Start of Block

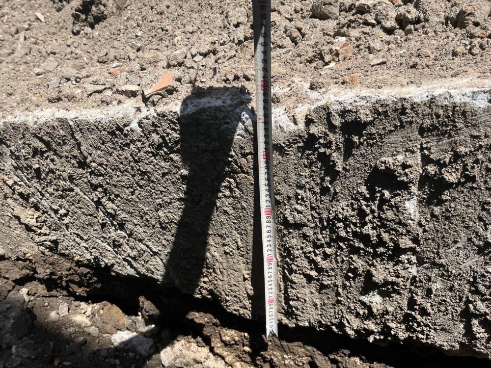 地中に埋設されている鉄筋コンクリートの構造や厚みなどを把握するために、重機で基礎の周囲を掘り起こす作業から取り掛かります。施主様から預かった建物の見取り図を確認しながら見落としがないように掘り進めていきます。実際に掘り起こすと布基礎・杭基礎・ベタ基礎・直接基礎など、さまざまなコンクリート基礎が埋設されていると確認できました。特にしっかりとした厚みのある布基礎や杭基礎があるため、重機によって掘り起こしてから徐々にブレーカーで解体工事を進めていきます。
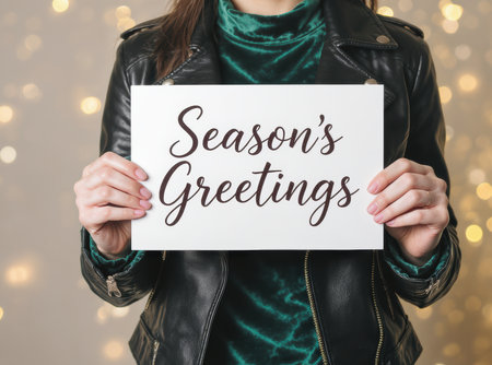 Close-up of a woman in a leather jacket and green velvet top holding a white card with the text Season's Greetings written in elegant script, with a golden bokeh background.
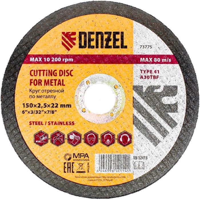 Круг отрезной по металлу, 150 х 2.5 х 22.2 мм Denzel, 73775
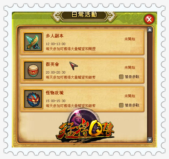 日常活動特設了匯總按鈕方便玩家尋找,在遊戲上方巡覽列中,玩家可以很輕鬆找到“日常活動”,點擊打開便可以看到我們每天可以爽快體驗的三個日常活動——多人副本,群英會以及怪物攻城啦!
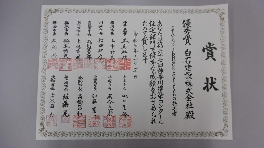 神奈川県の建築文化・建築技術の向上を図り、魅力あるまちづくりを推進するため、 県及び12市が主催し、優れた建築物の建築主・設計者・施工者を表彰するコンクールで Saluton(サルートン) 「工事名:吉澤ビル新築工事」が優秀賞を受賞致しました。
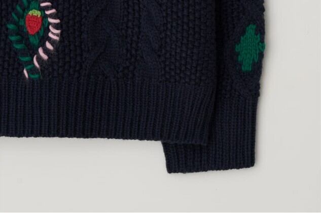 フロントのハンドメイドステッチディテールが特徴のニットです。
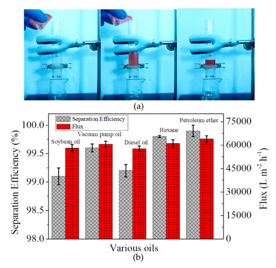 The separation of free oil/water mixtures by the microfiber filter was firstly evaluated, with gravity as a driving force. As shown in Figure 4a, after pouring a mixture of hexane (dyed by Sudan III) and water into the device, the hexane is rejected on microfiber filter while water penetrate it, achieving the separation of hexane and water. The separation efficiencies for oils tested in this work are all higher than 99%, accompanied by a flux of as high as approximately 60,000 L m−2 h−1 at an altitude difference of 8 cm (Figure 4b). The high separation efficiency and high flux enable the microfiber filters to be high-performance material for water/oil separation.
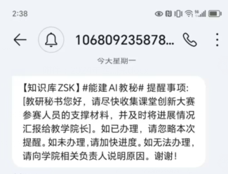 在传统的教学管理模式下,教学秘书需要通过QQ、微信或电话等方式,对教师提交资料的通知进行二次提醒,这一过程不仅增加了工作量,也影响了工作效率。而“能建AI教秘”系统的引入,有效地解决了这一问题。
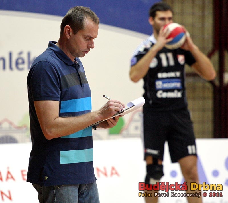 Trenér Jihostroje Jan Svoboda, v pozadí Radek Motys

End of Block

▶ _THE PROBLEM_
Copy the entire listing exactly but skip the pictures.

▶ _EXERCISE RESULT_
 地中に埋設されている鉄筋コンクリートの構造や厚みなどを把握するために、重機で基礎の周囲を掘り起こす作業から取り掛かります。施主様から預かった建物の見取り図を確認しながら見落としがないように掘り進めていきます。実際に掘り起こすと布基礎・杭基礎・ベタ基礎・直接基礎など、さまざまなコンクリート基礎が埋設されていると確認できました。特にしっかりとした厚みのある布基礎や杭基礎があるため、重機によって掘り起こしてから徐々にブレーカーで解体工事を進めていきます。
 Close-up of a woman in a leather jacket and green velvet top holding a white card with the text Season's Greetings written in elegant script, with a golden bokeh background.
 Круг отрезной по металлу, 150 х 2.5 х 22.2 мм Denzel, 73775
 日常活動特設了匯總按鈕方便玩家尋找,在遊戲上方巡覽列中,玩家可以很輕鬆找到“日常活動”,點擊打開便可以看到我們每天可以爽快體驗的三個日常活動——多人副本,群英會以及怪物攻城啦!
 神奈川県の建築文化・建築技術の向上を図り、魅力あるまちづくりを推進するため、 県及び12市が主催し、優れた建築物の建築主・設計者・施工者を表彰するコンクールで Saluton(サルートン) 「工事名:吉澤ビル新築工事」が優秀賞を受賞致しました。
 フロントのハンドメイドステッチディテールが特徴のニットです。
 The separation of free oil/water mixtures by the microfiber filter was firstly evaluated, with gravity as a driving force. As shown in Figure 4a, after pouring a mixture of hexane (dyed by Sudan III) and water into the device, the hexane is rejected on microfiber filter while water penetrate it, achieving the separation of hexane and water. The separation efficiencies for oils tested in this work are all higher than 99%, accompanied by a flux of as high as approximately 60,000 L m−2 h−1 at an altitude difference of 8 cm (Figure 4b). The high separation efficiency and high flux enable the microfiber filters to be high-performance material for water/oil separation.
 在传统的教学管理模式下,教学秘书需要通过QQ、微信或电话等方式,对教师提交资料的通知进行二次提醒,这一过程不仅增加了工作量,也影响了工作效率。而“能建AI教秘”系统的引入,有效地解决了这一问题。
 Trenér Jihostroje Jan Svoboda, v pozadí Radek Motys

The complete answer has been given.